---
description: "Core concepts behind Hypabase: hyperedges, n-ary relationships, provenance metadata, and vertex-set indexing."
---
# Concepts
## What is a hypergraph?
A **hypergraph** generalizes a graph by allowing edges to connect any number of nodes, not only two. In a regular graph, an edge connects exactly two nodes (a pair). In a hypergraph, a single **hyperedge** can connect 2, 3, 5, or more nodes at once.
This matters because real-world facts are often n-ary:
- "Dr. Smith treated Patient 123 with Aspirin for a Headache at Mercy Hospital" — 5 entities, one fact
- "The board approved a $5M budget for APAC expansion into Japan and Korea in Q3" — 6 entities, one decision
- "BERT builds on the Transformer architecture using pretraining" — 3 entities, one relationship
A hypergraph represents these directly. Each example above is a single hyperedge.
### Hyperedges vs binary edges
In a standard property graph (e.g., Neo4j), edges connect exactly two nodes. To model the board decision, you'd introduce an intermediate node:
```
(d:Decision)
(board)-[:DECIDED]->(d)
(d)-[:BUDGET]->(budget_5m)
(d)-[:REGION]->(apac)
(d)-[:COUNTRY]->(japan)
(d)-[:COUNTRY]->(korea)
(d)-[:TIMELINE]->(q3)
```
That's 6 binary edges and an intermediate node representing the decision.
In Hypabase, a single hyperedge connects all participants:
```python
hb.edge(
["board", "budget_5m", "apac", "japan", "korea", "q3"],
type="budget_approval",
)
```
## Nodes
A node represents an entity. Every node has:
- **`id`** — unique string identifier (e.g., `"dr_smith"`, `"patient_123"`)
- **`type`** — classification string (e.g., `"doctor"`, `"patient"`, `"medication"`)
- **`properties`** — arbitrary key-value metadata
Nodes are auto-created when referenced in an edge. If you create an edge referencing `"aspirin"` and no node with that ID exists, Hypabase creates it with `type="unknown"`. See [Getting Started](getting-started.md#create-nodes) for usage.
## Edges (hyperedges)
An edge represents a relationship between 2 or more nodes. Every edge has:
- **`id`** — unique identifier (auto-generated UUID if not specified)
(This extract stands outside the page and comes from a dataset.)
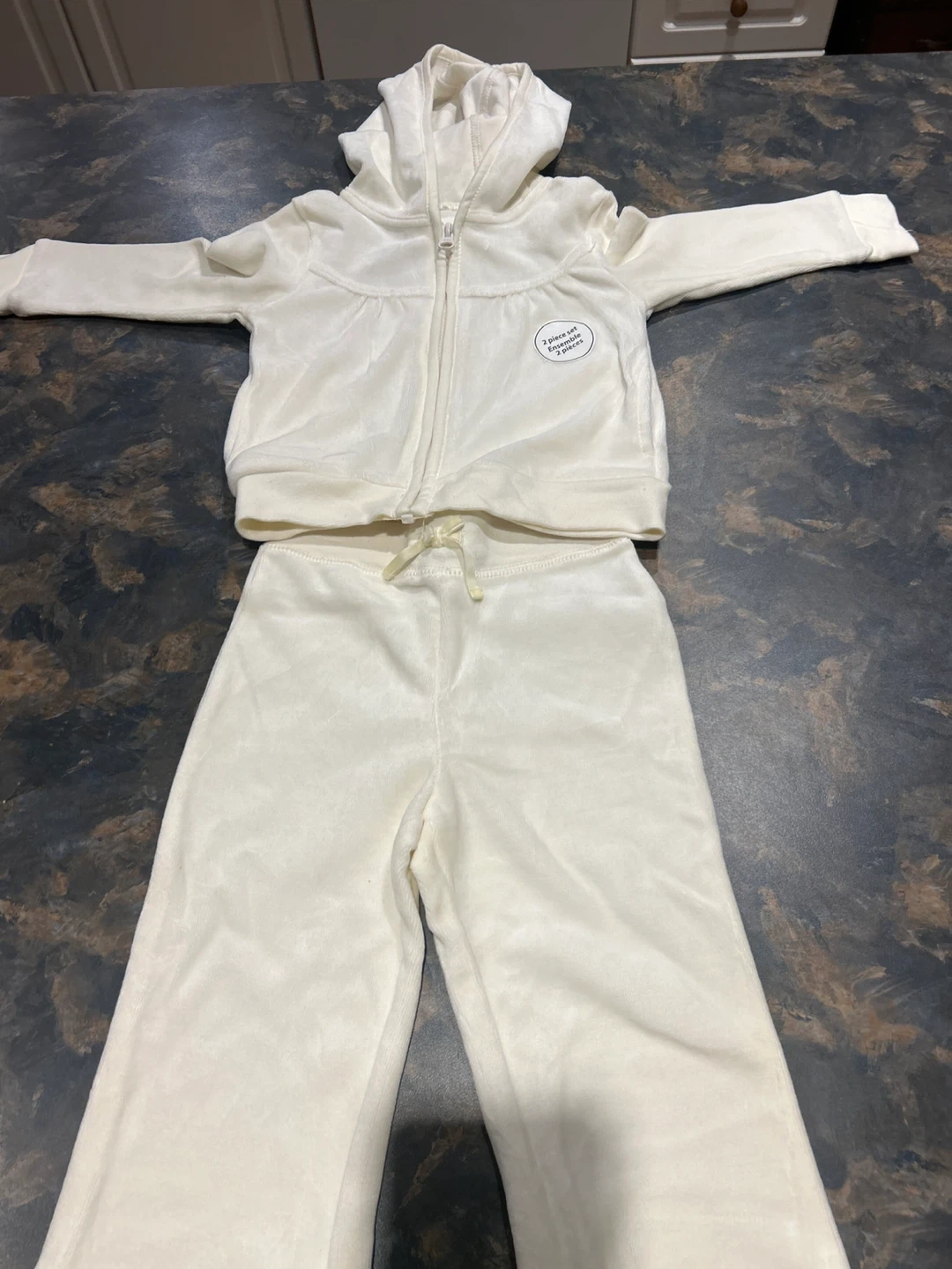 This cream velour tracksuit set includes a zip-up hoodie and matching pants. It's a cozy and comfortable outfit for little ones. The material is soft velour.

- **`type`** — relationship type (e.g., `"treatment"`, `"concept_link"`)
- **`incidences`** — ordered list of node participations
- **`directed`** — whether the edge has direction (tail/head semantics)
- **`source`** — provenance source string
- **`confidence`** — confidence score (0.0 to 1.0)
- **`properties`** — arbitrary key-value metadata
See [Getting Started](getting-started.md#create-a-hyperedge) for usage.
### Node order
The `position` column in the incidence table preserves node order. The order you pass nodes is the order they're stored. This matters for directed edges and for domain-specific semantics where position carries meaning.
### Directed edges
When `directed=True`, the first node is the **tail** and the last node is the **head**:
```python
hb.edge(
["cause", "intermediate", "effect"],
type="causal_chain",
directed=True,
)
```
## Provenance
Every edge carries two provenance fields:
- **`source`** — a string identifying where the relationship came from (e.g., `"clinical_records"`, `"gpt-4o_extraction"`, `"user_input"`)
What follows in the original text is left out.